**Problem requirements**
Take the material below and extract the lines from the one with "TEMU 여성용 와이드" through the one with "M416-心之恋语,GROZ", word for word, without pictures.
^^^^^^^^
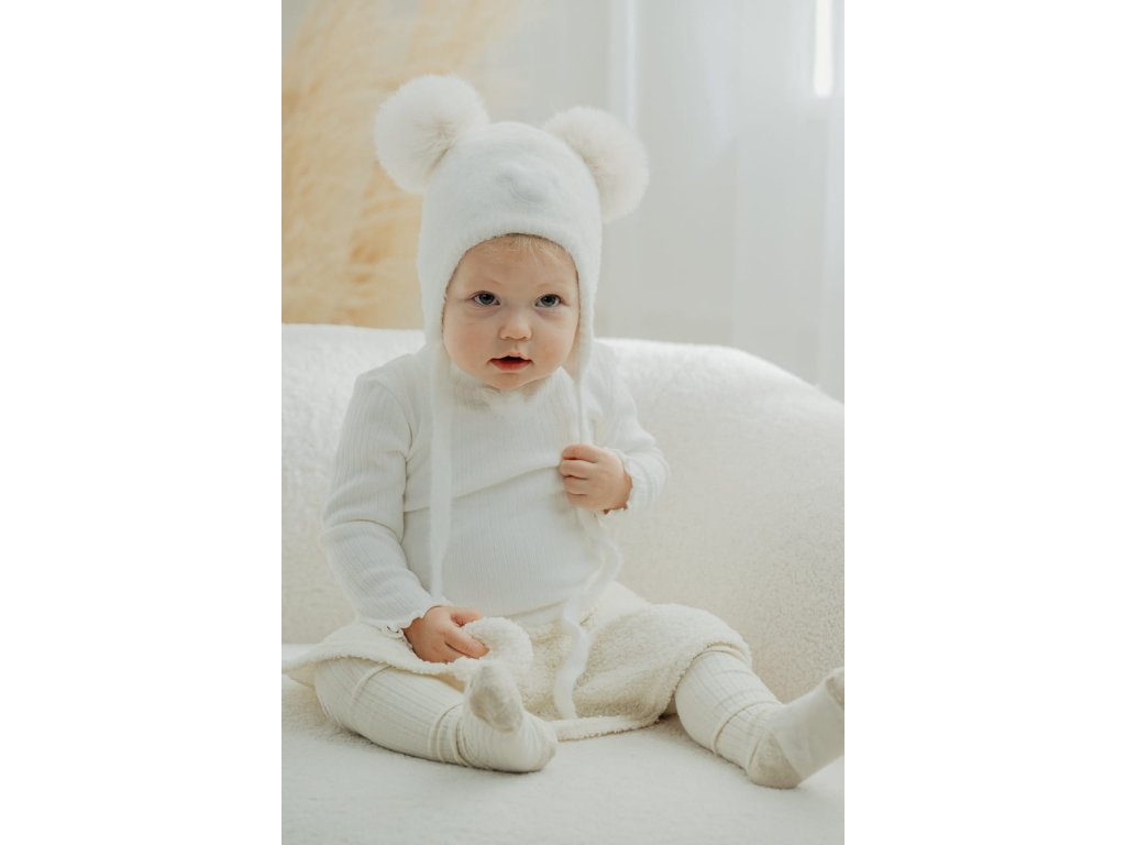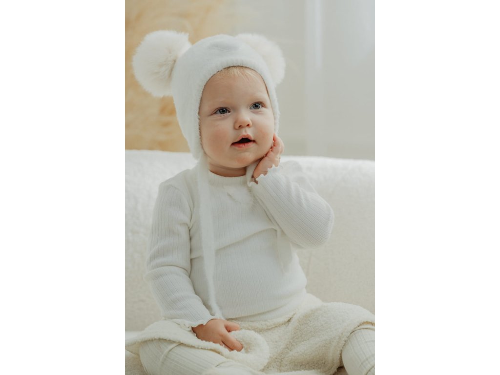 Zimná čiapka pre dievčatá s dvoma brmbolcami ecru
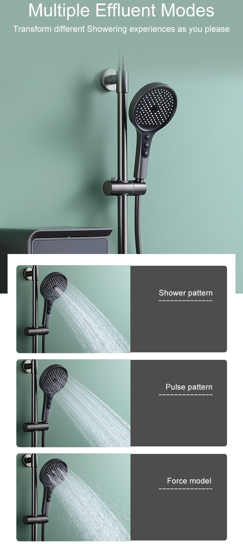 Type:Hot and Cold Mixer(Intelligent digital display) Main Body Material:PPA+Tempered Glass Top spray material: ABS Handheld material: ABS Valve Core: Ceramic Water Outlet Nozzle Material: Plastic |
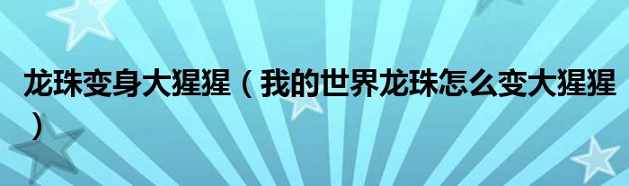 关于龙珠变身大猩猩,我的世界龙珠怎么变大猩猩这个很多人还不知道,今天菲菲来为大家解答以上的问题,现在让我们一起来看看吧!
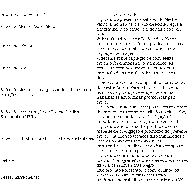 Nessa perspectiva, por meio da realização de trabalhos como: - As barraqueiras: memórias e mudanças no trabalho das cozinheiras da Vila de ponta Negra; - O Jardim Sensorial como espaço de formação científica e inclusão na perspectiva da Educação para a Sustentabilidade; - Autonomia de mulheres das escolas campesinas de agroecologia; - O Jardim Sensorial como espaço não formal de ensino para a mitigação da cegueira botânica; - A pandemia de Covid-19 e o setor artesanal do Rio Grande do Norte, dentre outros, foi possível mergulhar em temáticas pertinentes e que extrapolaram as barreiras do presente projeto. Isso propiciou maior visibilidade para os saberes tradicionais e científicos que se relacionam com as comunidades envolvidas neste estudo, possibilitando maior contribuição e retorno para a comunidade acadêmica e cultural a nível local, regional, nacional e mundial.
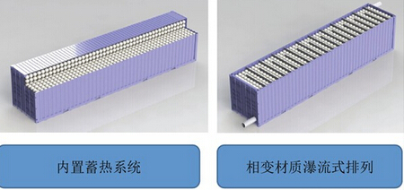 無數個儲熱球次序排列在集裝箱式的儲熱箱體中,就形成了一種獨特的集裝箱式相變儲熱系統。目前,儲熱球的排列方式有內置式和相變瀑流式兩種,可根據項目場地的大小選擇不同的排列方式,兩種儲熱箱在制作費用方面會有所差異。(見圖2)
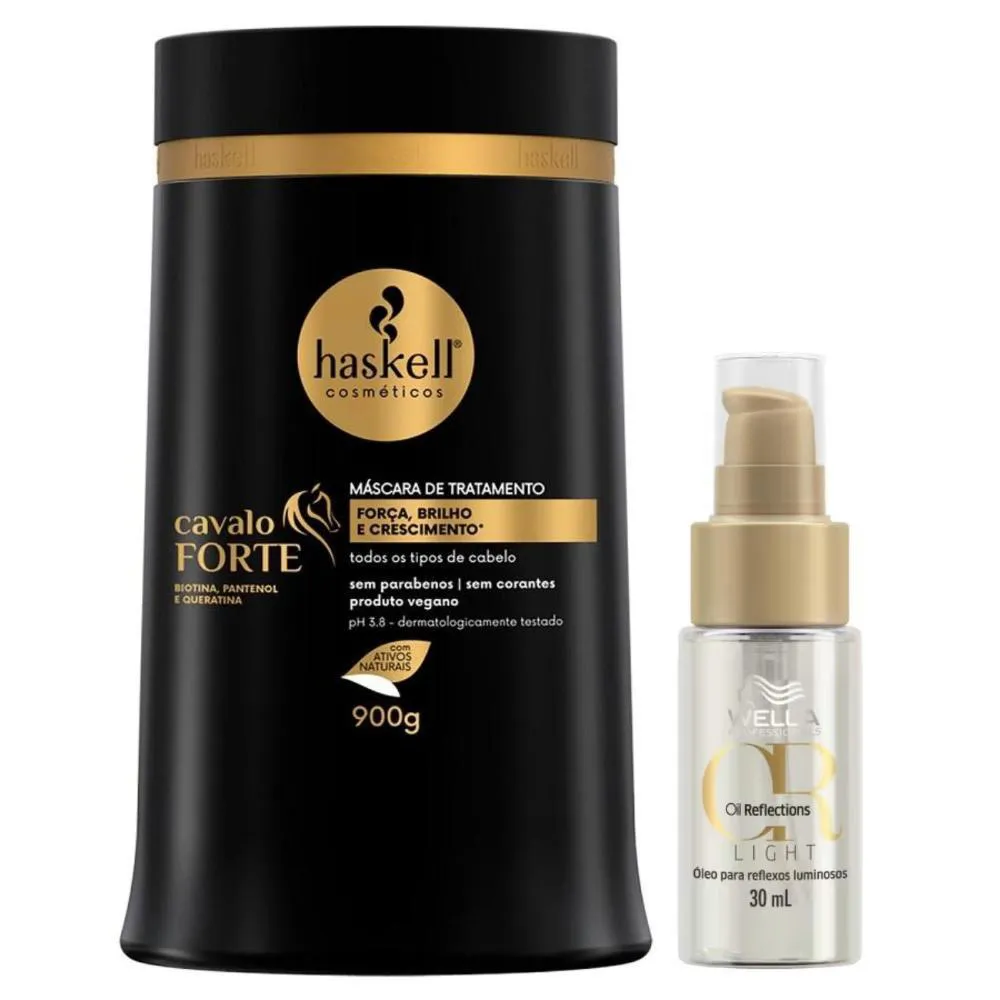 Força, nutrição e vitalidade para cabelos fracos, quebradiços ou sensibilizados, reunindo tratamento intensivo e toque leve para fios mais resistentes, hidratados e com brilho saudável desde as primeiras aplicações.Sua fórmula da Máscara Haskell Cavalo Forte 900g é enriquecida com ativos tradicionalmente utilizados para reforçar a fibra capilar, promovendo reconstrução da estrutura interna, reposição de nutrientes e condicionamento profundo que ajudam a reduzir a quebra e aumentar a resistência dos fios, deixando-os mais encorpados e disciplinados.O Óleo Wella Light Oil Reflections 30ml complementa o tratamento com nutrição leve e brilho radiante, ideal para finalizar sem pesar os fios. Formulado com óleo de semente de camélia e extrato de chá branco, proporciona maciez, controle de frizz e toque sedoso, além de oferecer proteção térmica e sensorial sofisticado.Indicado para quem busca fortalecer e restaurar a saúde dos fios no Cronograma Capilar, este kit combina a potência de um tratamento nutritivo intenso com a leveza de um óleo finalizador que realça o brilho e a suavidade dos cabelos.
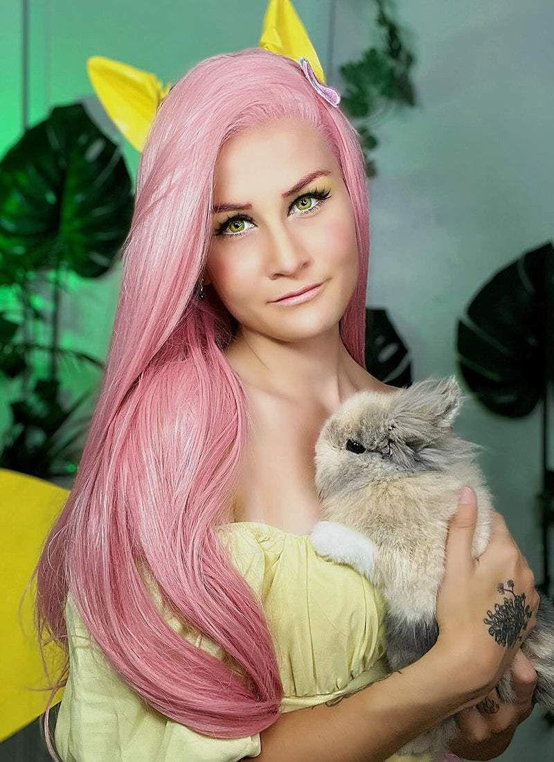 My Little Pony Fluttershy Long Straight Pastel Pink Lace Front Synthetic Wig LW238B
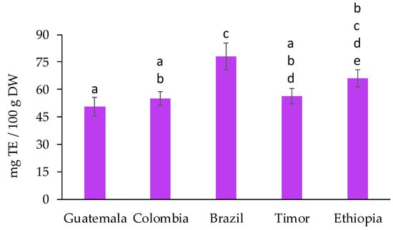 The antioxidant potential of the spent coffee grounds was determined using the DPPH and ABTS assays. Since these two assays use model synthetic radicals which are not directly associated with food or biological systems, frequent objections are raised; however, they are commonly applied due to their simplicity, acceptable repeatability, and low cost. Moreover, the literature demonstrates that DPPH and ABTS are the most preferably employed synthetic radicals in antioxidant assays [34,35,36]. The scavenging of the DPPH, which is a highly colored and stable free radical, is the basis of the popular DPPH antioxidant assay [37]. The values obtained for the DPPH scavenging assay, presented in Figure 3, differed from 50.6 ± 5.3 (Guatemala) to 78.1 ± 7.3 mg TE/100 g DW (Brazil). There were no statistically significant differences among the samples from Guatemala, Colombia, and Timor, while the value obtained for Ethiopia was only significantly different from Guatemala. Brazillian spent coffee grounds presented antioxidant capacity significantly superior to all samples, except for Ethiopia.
^^^^^^^^
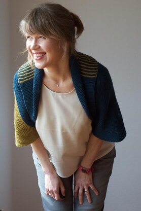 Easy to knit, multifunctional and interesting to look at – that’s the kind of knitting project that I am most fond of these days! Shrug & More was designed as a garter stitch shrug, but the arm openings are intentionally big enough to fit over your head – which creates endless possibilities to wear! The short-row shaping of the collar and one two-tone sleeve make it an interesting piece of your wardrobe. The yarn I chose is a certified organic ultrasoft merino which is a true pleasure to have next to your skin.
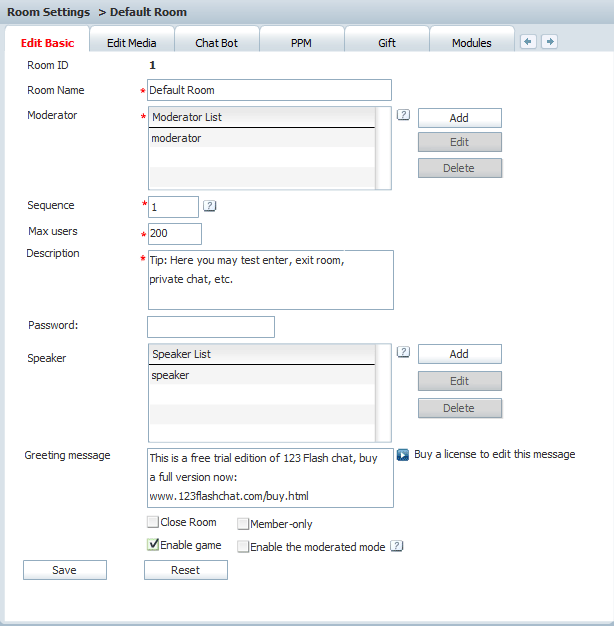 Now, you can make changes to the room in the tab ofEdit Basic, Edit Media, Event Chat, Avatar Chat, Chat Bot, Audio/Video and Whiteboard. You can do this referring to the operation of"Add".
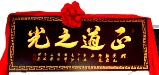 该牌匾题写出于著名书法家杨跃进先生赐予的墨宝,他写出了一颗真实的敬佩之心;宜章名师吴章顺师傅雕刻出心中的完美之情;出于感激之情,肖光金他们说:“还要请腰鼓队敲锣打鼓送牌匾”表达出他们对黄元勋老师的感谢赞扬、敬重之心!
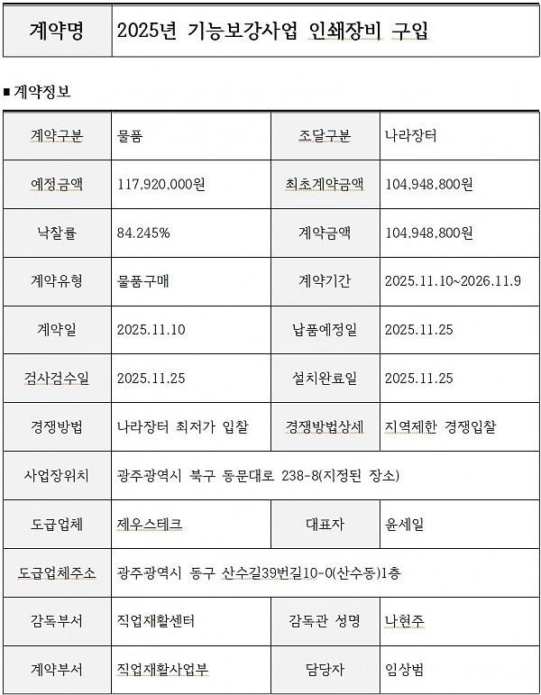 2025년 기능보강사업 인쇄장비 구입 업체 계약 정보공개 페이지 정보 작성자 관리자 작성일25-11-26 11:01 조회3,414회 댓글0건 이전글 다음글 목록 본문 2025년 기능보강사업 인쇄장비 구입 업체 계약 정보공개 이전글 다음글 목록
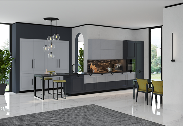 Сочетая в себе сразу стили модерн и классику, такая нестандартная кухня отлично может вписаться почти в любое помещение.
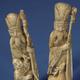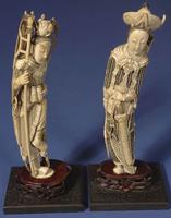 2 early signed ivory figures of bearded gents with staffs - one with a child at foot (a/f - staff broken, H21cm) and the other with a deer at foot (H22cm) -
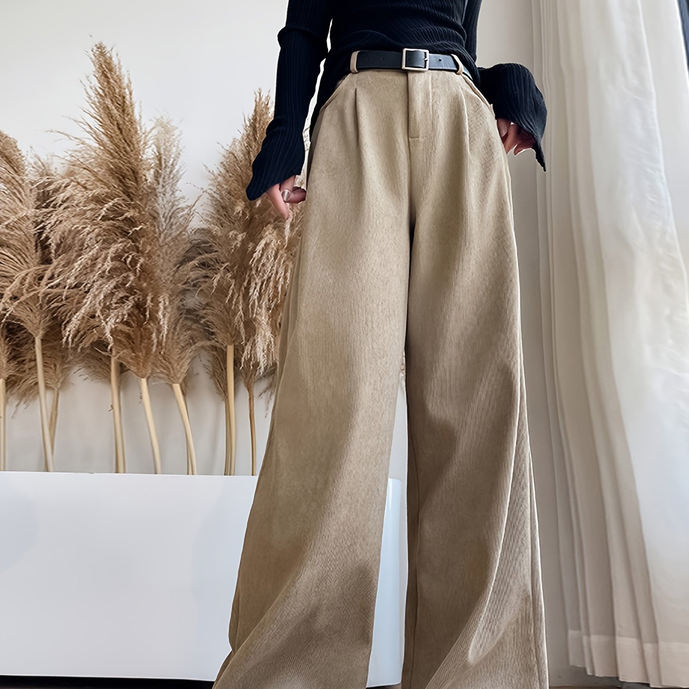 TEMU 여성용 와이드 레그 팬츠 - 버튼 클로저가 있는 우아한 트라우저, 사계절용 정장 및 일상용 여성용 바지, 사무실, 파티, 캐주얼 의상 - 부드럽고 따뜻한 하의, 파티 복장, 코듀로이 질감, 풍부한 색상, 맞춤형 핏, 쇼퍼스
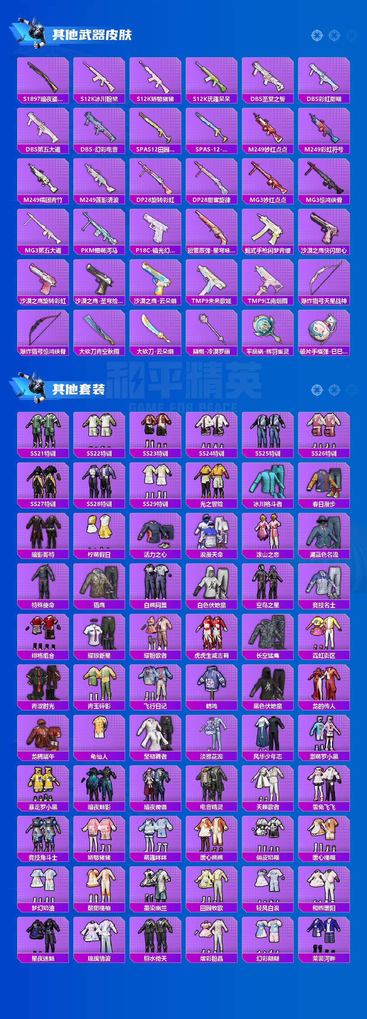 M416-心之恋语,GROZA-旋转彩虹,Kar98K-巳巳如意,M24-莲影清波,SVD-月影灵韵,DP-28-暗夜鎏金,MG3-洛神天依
^^^^^^^^
**Exercise answer**
 TEMU 여성용 와이드 레그 팬츠 - 버튼 클로저가 있는 우아한 트라우저, 사계절용 정장 및 일상용 여성용 바지, 사무실, 파티, 캐주얼 의상 - 부드럽고 따뜻한 하의, 파티 복장, 코듀로이 질감, 풍부한 색상, 맞춤형 핏, 쇼퍼스
 M416-心之恋语,GROZA-旋转彩虹,Kar98K-巳巳如意,M24-莲影清波,SVD-月影灵韵,DP-28-暗夜鎏金,MG3-洛神天依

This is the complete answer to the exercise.